*** Begin section ***

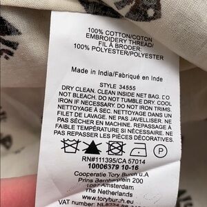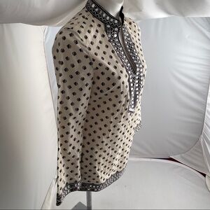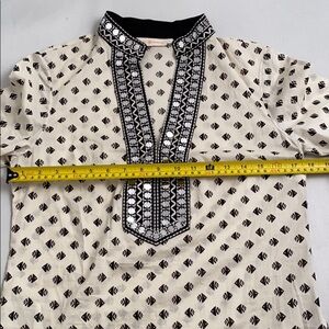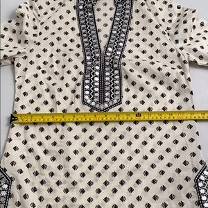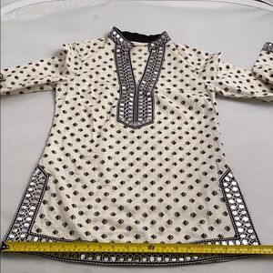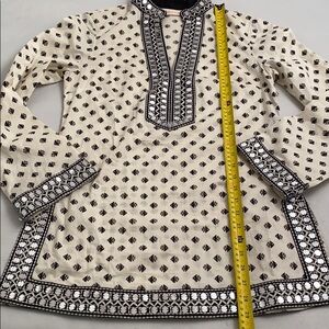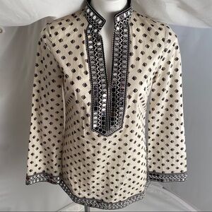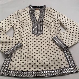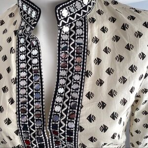 Tory Burch island inspired fish print tunic cream and black. Embroidery and mirrored paillettes along the split neckline, placket and cuffs. Made of lightweight cotton with side slits. Essential classic style is a staple of everyday and getaway dressing. Excellent condition. Smoke free home.
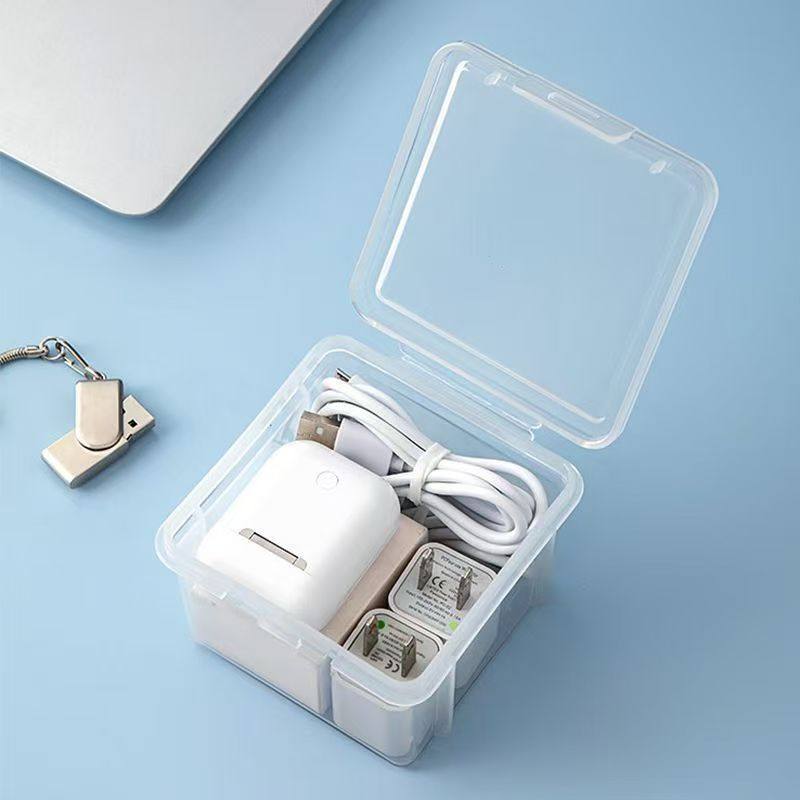 透明翻盖收纳盒大容量整理盒便携储物盒数据线U盘充电器零件
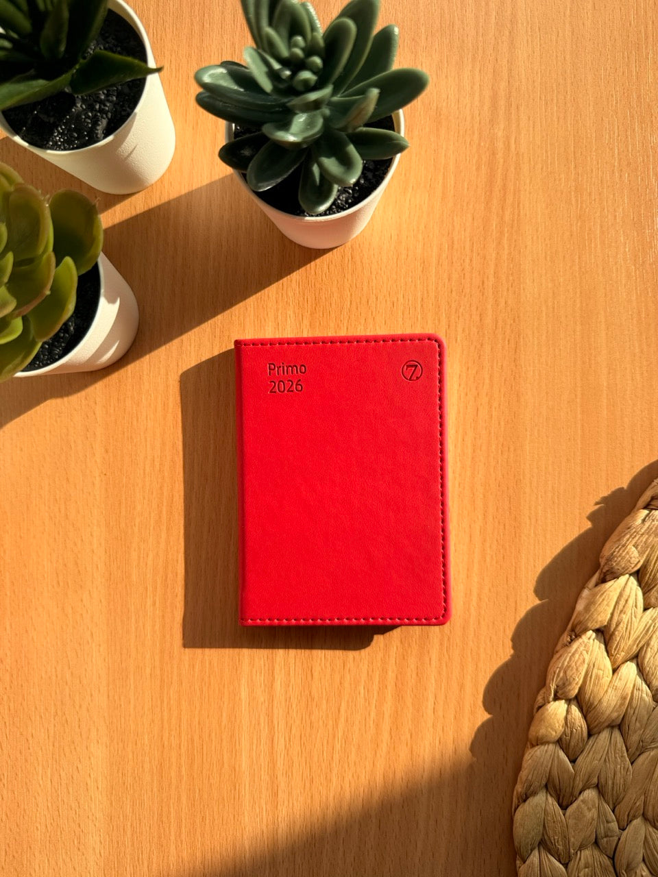 Primo er en av de eldste 7.sans-modellene og selve opprinnelsen til varemerket. I tiår har Primo fulgt utviklingen i samfunnet, samtidig som den har beholdt sitt klassiske uttrykk. Denne versjonen har et slitesterkt kunststoffomslag og inneholder nyttig infomateriale, god notatplass og kart – perfekt for deg som ønsker en liten, men innholdsrik planlegger i hverdagen.
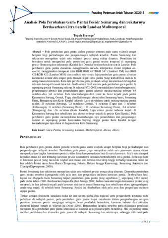 Teguh Prayogo (2015) Analisis Pola Perubahan Garis Pantai Pesisir Semarang dan Sekitarnya Berdasarkan Citra Satelit Landsat Mulitemporal. Prosiding Pertemuan Ilmiah Tahunan XX dan Kongres VI Masyarakat Ahli Penginderaan Jauh Indonesia (MAPIN). pp. 753-763.
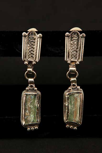 Statements makes entrance and social conversation when you wear this unique clip on sterling silver and Roman Glass earrings. The patina in the glass gives it its unique look and people are drawn to it. The ethnic designs around it adds to its spectacular one of a kind look.
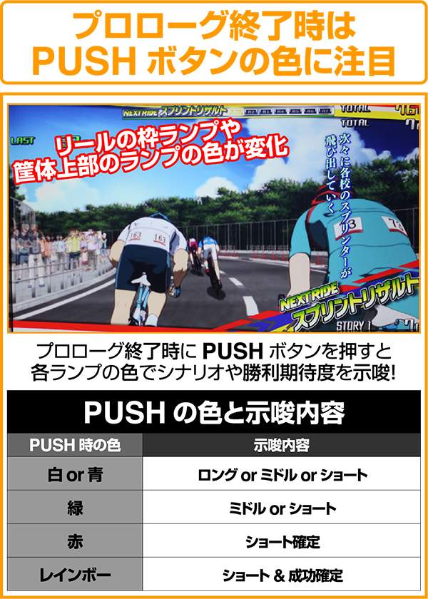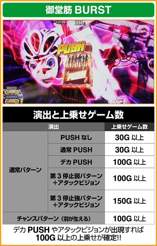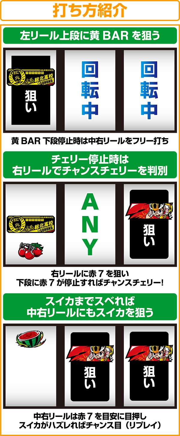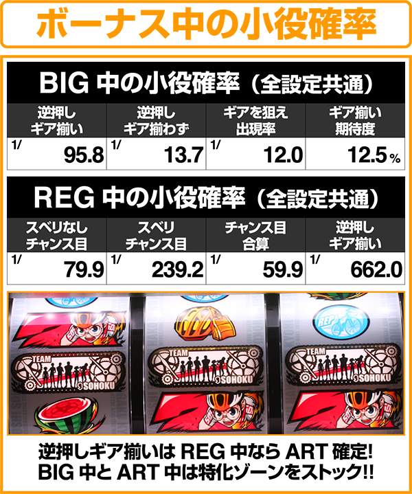 逆押しカットインはボーナス中とART中に発生。 ギアが揃い時はボーナス中・ART中共通で総北ATTACKor御堂筋BURSTをストックする。
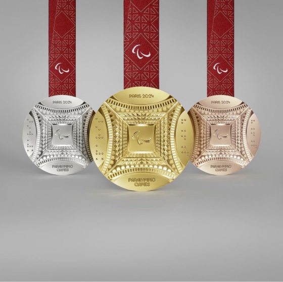残奥会奖牌的另一面则出自巴黎2024奥组委和Chaumet的创意,以仰视角度描绘的艾菲尔铁塔图案,能够让获奖者从不同角度欣赏铁塔。铁塔底部环绕着“Paris”和“2024”字样,加上全球通用的盲文,即象征包容和无障碍,也向来自法国的盲文发明者Louis Braille致敬。
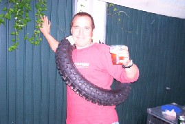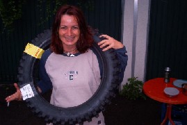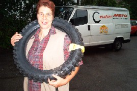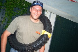 Nebenan die Enduro5-Mitglieder mit umgehängten Reifen. Es gäbe Originelleres. Zum Beispiel ein Gruppenfoto... |
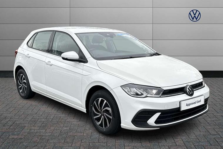 Adaptive cruise control without follow-to-stop and speed limiter, Bluetooth mobile phone interface, Driver alert system, Emergency call service, Front assist system, Power assisted speed sensitive steering, Preparation for We connect and We connect plus, Speedo and rev counter, electronic odometer, trip, service interval display and fuel gauge, Standard rear axle, Travel Assist - Lane keeping system and traffic jam assist, Travel assist including emergency assist, Trip computer, Warning signal and warning light for front and rear seatbelts not fastened, Washer fluid level indicator, Wireless app connect, Front wheel drive, Rear shock absorpion, Start-stop system with battery regeneration (recuperation - energy recovery during braking), DAB Digital radio, Diversity antenna for FM reception, Front and rear 6 speakers, Automatic dimming interior rear view mirror, Body colour bumpers, Body colour door handles, Body colour door mirrors, Electric front windows, Heat insulating darkened glass in side and rear windows, Heat insulating glass windscreen, Power folding adjustable/heated exterior mirrors and front passenger exterior mirror lowering function, Rain sensor, Rear electric windows, Rear fog light, Rear side wing doors, Rear windscreen washer and wiper with interval delay, Third brake light, 12V power socket in centre console, 2 front and 2 rear reading lights, 2 USB-C ports in the front, 2 USB-C charging sockets on the center console in the rear, 3 rear head restraints, 60/40 split folding rear seat and rear seat bench not split, Ceramique headliner, Chrome plated radiator grille inserts, air vent surrounds and light switch surrounds, Door and side trim panel, Driver and front passenger seat height adjustment, Driver/passenger sunvisors with illuminated vanity mirrors, Front centre armrest, Front seat backrest storage pockets, Front standard seats, Handbrake lever handle in leather, Hartley/Thomas cloth upholstery, Isofix child seat preparation easy-fit (for two outer rear seats, and front passenger seat) compatible with I-size, Leather trimmed gear knob, Luggage compartment cover, Luggage compartment floor, Luggage compartment lighting, Multifunction steering wheel, Single front passenger seat, Standard pedal cluster, Light and vision pack - Polo, 3 point height adj front seatbelts + pretensioners, 3x3 point rear seatbelts, ABS, Driver and front passenger airbag with front passenger airbag deactivation, Drivers and front passengers safety optimised head restraints, ESC (Electronic stability control) + EDL (Electronic Differntial lock) and ASR (Traction control), Extended and predictive pedestrian/ cyclist protection, Front curtain and side airbags with center airbag, Front disc brakes, Hill hold control, Manual child lock in rear doors, Rear drum brakes, Single tone horn, Tyre pressure loss indicator, Alarm with interior protection, Anti-theft alarm system with interior monitoring, backup horn, and towing protection, Anti-theft wheel bolts, Electronic engine immobiliser, Lava stone black gloss/matt decorative inserts in dash and front door panels, Low rolling resistance tyres,

*** End section ***

Copy exactly the material above from the line with "Teguh Prayogo (2015)" to the line with "Nebenan die Enduro5-Mitglieder", ends included, and nothing else. Leave out any picture.

 Teguh Prayogo (2015) Analisis Pola Perubahan Garis Pantai Pesisir Semarang dan Sekitarnya Berdasarkan Citra Satelit Landsat Mulitemporal. Prosiding Pertemuan Ilmiah Tahunan XX dan Kongres VI Masyarakat Ahli Penginderaan Jauh Indonesia (MAPIN). pp. 753-763.
 Statements makes entrance and social conversation when you wear this unique clip on sterling silver and Roman Glass earrings. The patina in the glass gives it its unique look and people are drawn to it. The ethnic designs around it adds to its spectacular one of a kind look.
 逆押しカットインはボーナス中とART中に発生。 ギアが揃い時はボーナス中・ART中共通で総北ATTACKor御堂筋BURSTをストックする。
残奥会奖牌的另一面则出自巴黎2024奥组委和Chaumet的创意,以仰视角度描绘的艾菲尔铁塔图案,能够让获奖者从不同角度欣赏铁塔。铁塔底部环绕着“Paris”和“2024”字样,加上全球通用的盲文,即象征包容和无障碍,也向来自法国的盲文发明者Louis Braille致敬。
 Nebenan die Enduro5-Mitglieder mit umgehängten Reifen. Es gäbe Originelleres. Zum Beispiel ein Gruppenfoto... |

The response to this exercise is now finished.